Thanks, I modify codes following your suggestions.
but compiler will report error when i try to use call_once().

use std::future::Future;

pub struct RpcRetryWrapper<C, I, F> {
	pub f: F,
	marker: std::marker::PhantomData<fn(&mut C, I)>,
}

  

impl<C, I, F> RpcRetryWrapper<C, I, F> {
	fn new(f: F) -> Self {
		Self {
			f,
			marker: std::marker::PhantomData,	
		}
	}
}

  

impl<C, I, O, F> RpcRetryWrapper<C, I, F>
where
	I: Clone,
	F: for<'a> Fn(&'a mut C, I) -> O,
	O: Future,
{
	async fn call_once(&self, client: &mut C, request: I) -> O::Output {
		(self.f)(client, request).await
	}
	async fn call_twice(&self, client: &mut C, request: I) -> O::Output {
		let first_res = (self.f)(client, request.clone()).await;
		let second_res = (self.f)(client, request.clone()).await;
		second_res
	}
}

#[cfg(test)]
mod tests {
	use crate::{call_exmaple, RpcRetryWrapper};

	#[tokio::test]
	async fn it_works() {
		let mut client = "client".to_string();
		let request = "hello".to_string();
		let wrapper: RpcRetryWrapper<String, String, _> = RpcRetryWrapper::new(call_exmaple);
		wrapper.call_once(&mut client, request); // error reported here.
	}
}

impl<C, I, O, F> RpcRetryWrapper<C, I, F>
where
	I: Clone,
	F: for<'a> Fn(&'a mut C, I) -> O,
	O: Future,

async fn outputs capture their input lifetimes, and so they cannot be represented by a type parameter like O when there is an input lifetime, as O must resolve to a single concrete type. The returned Futures are not all the same single type; they vary by lifetime.
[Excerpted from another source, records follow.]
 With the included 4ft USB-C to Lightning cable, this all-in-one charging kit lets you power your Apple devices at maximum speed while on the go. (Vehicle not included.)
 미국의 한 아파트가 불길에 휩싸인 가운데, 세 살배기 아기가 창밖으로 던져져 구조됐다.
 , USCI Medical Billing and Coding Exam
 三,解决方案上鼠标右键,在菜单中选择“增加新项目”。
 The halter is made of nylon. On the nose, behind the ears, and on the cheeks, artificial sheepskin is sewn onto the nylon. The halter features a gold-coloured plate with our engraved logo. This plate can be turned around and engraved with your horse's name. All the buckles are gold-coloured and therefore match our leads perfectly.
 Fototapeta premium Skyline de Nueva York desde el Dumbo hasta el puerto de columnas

There are verbose ways to try and get around that restriction in some cases, but last I knew they don't work for the async fn case (the compiler can't yet see through the indirection and too many higher-ranked bounds).

3 Likes

Here is my another try to solve this problem.
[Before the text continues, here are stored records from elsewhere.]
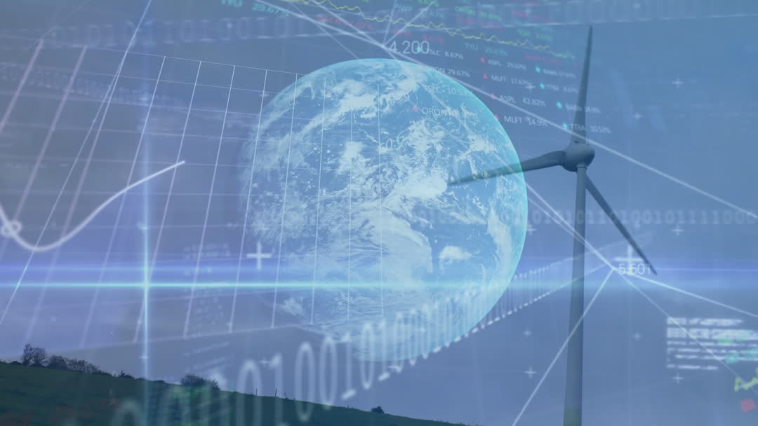 This visually unique video blends the themes of renewable energy and global finance, with a wind turbine and the earth contrasted with digital financial overlays. It can be used for themes around environmental sustainability, global economic initiatives, and technology solutions in addressing climate change challenges.
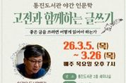 코리아타임뉴스 문화팀 | 김포시 통진도서관은 고전 중심의 독서법과 글쓰기를 알려주는 야간 인문학 프로그램 ‘고전과 함께하는 글쓰기’를 오는 3월 5일부터 3월 26일까지 매주 목요일 오후 7시에 통진도서관 세미나실에서 운영한다고 밝혔다. '고전 한 책 깊이 읽기'의 저자 이권우는 ‘고전과 함께하는 글쓰기’를 통해 맹자의 철학과 중용을 깊이 있게 다루며, 책을 읽으면서 생각을 확장하는 독서법과 단락 중심의 글을 쓰는 방법을 총 4회차에 걸쳐 진행한다. 회차별 주제는 ▲고전 속 맹자의 철학 ▲맹자가 알려주는 우리 시대의 관계성 ▲글쓰기가 쉬워지는 독서법 ▲글쓰기의 첫걸음이다. 참여를 원하는 경우 오는 2월 10일 오전 10시부터 통진도서관 누리집 또는 전화로 신청할 수 있으며, 고전과 글쓰기에 관심있는 성인 20명을 선착순으로 모집한다.
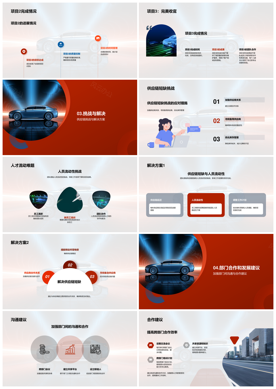 汽车研发年度创新成果项目进度电池自动驾驶团队协作PPT模板
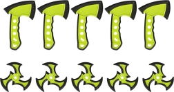 target, 5× shuriken, 5× axe, stand
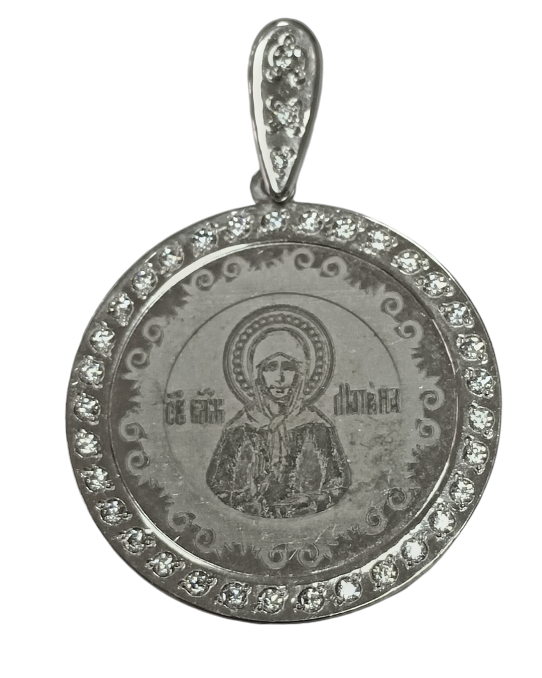 Подвеска имеет православную тематику и украшена гравировкой с надписью "Святая Матрона", что делает ее отличным выбором для верующих женщин.
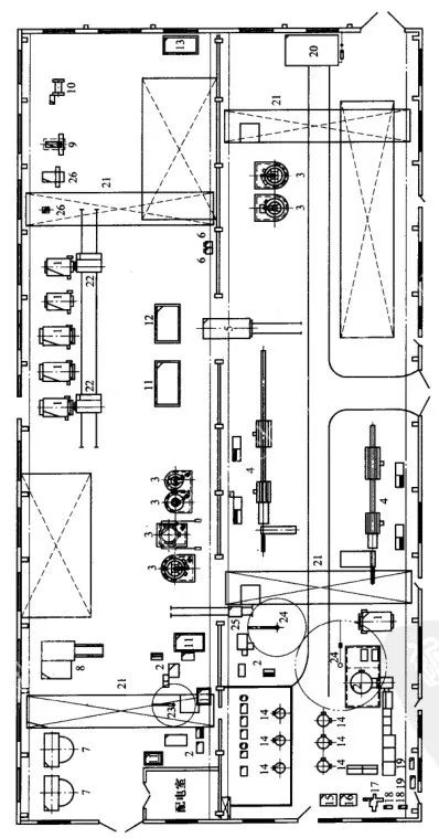 1一箱式电阻炉 2一停火机床 3一井式回火电阻炉 4一中额摔火回火自动线 5一台车式电阻炉 6-实验电阻炉 7一描丸机 8-清淀机 9一校直机10一摩擦压力机 11一水檀 12-痒火池糖 13一循环水槽 14一中顿感应加热装置15-体火水槽 16一冷却水槽 17一工具模床 18一砂轮机19-电焊机 20-油槽 21一桥式起重机 22一旅拉料小车 23一播臂吊架 24一平衡吊 25一平板车 26-硬度计1-上下料台 2一多用炉 3一箱式间火炉 4一清洗机 5一运料小车 6一淬火机床 7一高频加热装置 8一低温冰箱 9一真空粹火炉 10一干燥箱11一辉光离子滤氨炉 12一机床 13一桥式起重机 14一校直机 15一井式回火电炉 16一冷却水槽 17一抛丸机 18一悬骨起重机19-磁粉探伤机 20一盐浴炉 21-确盐炉 22一淋火精 23一箱式电照炉 24一台车式电肌炉
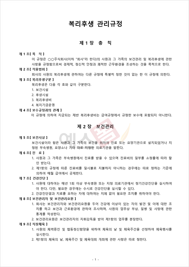 | 복무규정 | 복리후생 관리규정 | 퇴직금 지급규정 |
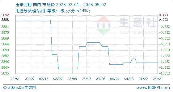 5月2日,生意社玉米淀粉基准价为2846.00元/吨,与本月初持平。
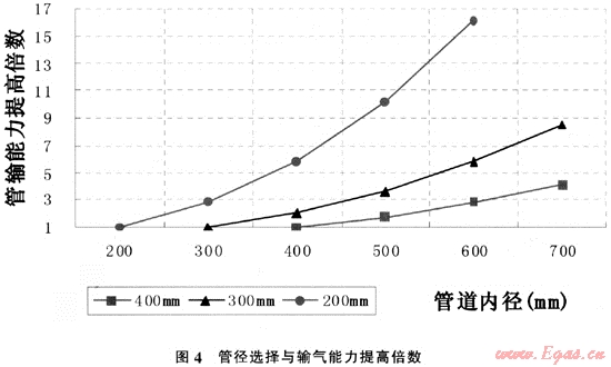 舊有的管網(wǎng)系統(tǒng)中管徑較小的管道有可能是制約管網(wǎng)通過能力的瓶頸。通過管網(wǎng)計算,北京市中壓管網(wǎng)主干線個別管段由于管徑較小,嚴重阻礙了管網(wǎng)輸送,應(yīng)將此管段進行擴徑,如香山南路管線,管徑為DN400。全長4000m。其中有一段DN100,導(dǎo)致附近壓力偏低,若將此段管線改為DN400,附近壓力由0.04MPa,升到0.06MPa。圖5所示為擴大管徑對管輸能力提高倍數(shù)的影響,計算式:

  1. construct a concrete type LifetimeBoundFutureWrapper for output future of async fn which capture input lifetimes. it seems ok to convert output of call_example into a LifetimeBoundFutureWrapper<'_, String, _>.
trait LifetimeBoundFuture<'a, T>: 'a + Future<Output = T> {}

impl<'a, T, F> LifetimeBoundFuture<'a, T> for F where F: 'a + Future<Output = T> {}

struct LifetimeBoundFutureWrapper<'a, T, F> {
    fut: F,
    marker: std::marker::PhantomData<fn() -> &'a T>,
}

impl<'a, T, F> From<F> for LifetimeBoundFutureWrapper<'a, T, F>
where
    F: LifetimeBoundFuture<'a, T>,
{
    fn from(fut: F) -> Self {
        Self {
            fut,
            marker: std::marker::PhantomData,
        }
    }
}

async fn call_exmaple(client: &mut String, request: String) -> String {
	request
}

#[cfg(test)]
mod tests {
    use crate::{call_exmaple, LifetimeBoundFutureWrapper, RpcRetryWrapper};

    #[tokio::test]
    async fn future_wrapper_test() {
        let mut client = "client".to_string();
        let request = "hello".to_string();

        let fut_wrapper: LifetimeBoundFutureWrapper<'_, String, _> =
            call_exmaple(&mut client, request).into();
    }
}
  1. Modify trait bound in RpcRetryWrapper
impl<C, I, O, F> RpcRetryWrapper<C, I, F>
where
    I: Clone,
    F: for<'a> Fn(&'a mut C, I) -> LifetimeBoundFutureWrapper<'a, O::Output, O>,
    O: Future,
  1. Finally, how to prove that call_example satisfy the trait bound. All i knew is to define an immediate trait like AsyncFuncExt to do blanket implementation for all async fn of this form.